Busy few days and things are falling into place a bit more.
Some Asura toolkit changes which have made the Xizi.Client library a lot thinner. I was briefly using a separate DTO for transfer but after some soul-searching this has been scrapped and I have started using the native Xizi.Application.Model objects instead. To make that less traumatic (and the client much thinner), I have created a Xizi.Storage library and moved the implementation of the Mongo store and the various interfaces into it. Bits of the API have now been deprecated in preference for this passing of serialised objects. A next step for this is to make sure that the values can be passed safely in HTTP headers rather than on the query string; or at the very least to make the client completely agnostic to the underlying transport method.

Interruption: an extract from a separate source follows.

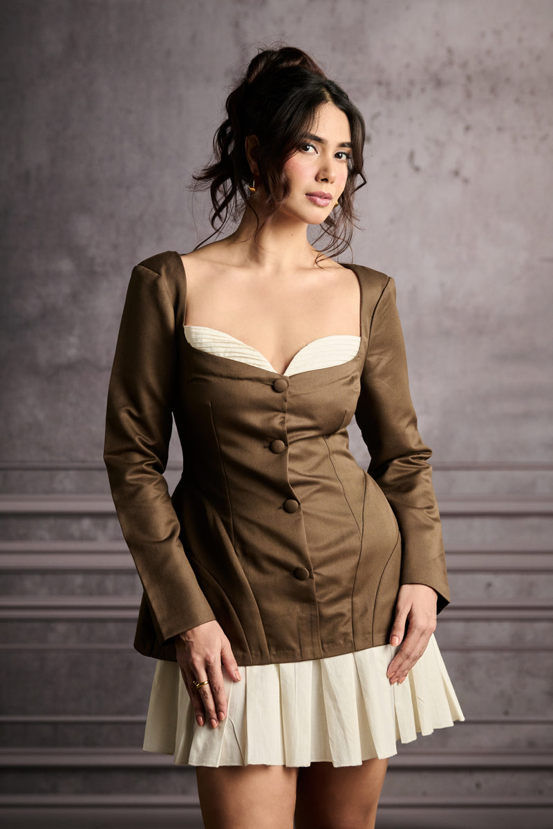Meet Nina Brown Sheath Dress with White Pleats, the dress that's as sweet as brown sugar and as chic as a Parisian café. Crafted from rich brown suiting fabric, Nina exudes warmth and elegance. The white poplin pleats add a touch of sweetness and a playful contrast to the brown. The exposed overbust detailing in a sweetheart manner adds a touch of romance with adorable fabric buttons in the center and pleat detailing towards the bottom. The cinching detailing at the back accentuates your curves.

I have rationalised the scripting, making the event scripting engine completely agnostic to the type of condition or action that it might be asked to consider. These are now behind common interfaces and the actual kind of provider loaded in each case is driven by an appropriate field in the EventDefinition object. Currently there is only an IronPython provider for conditions and actions, but I will certainly add a Json condition checker as it will be more suitably lightweight.
I did a little bit of experimentation with creating a dynamic Mongo query and so far I am pleased with the results. I'll try and get something official together for that next.
Finally, after getting an ANTS Performance Profiler licence at long last, I've had to do a huge bunch of re-engineering of the code in order for it to be properly profiled with the cheaper Standard edition. So, now there is a new Asura.Server library with a stand-alone HTTP server that can run Xizi, which can be profiled as a normal .exe application. Having to cope with two different types of incoming Http Context is such a massive pain; what were they thinking?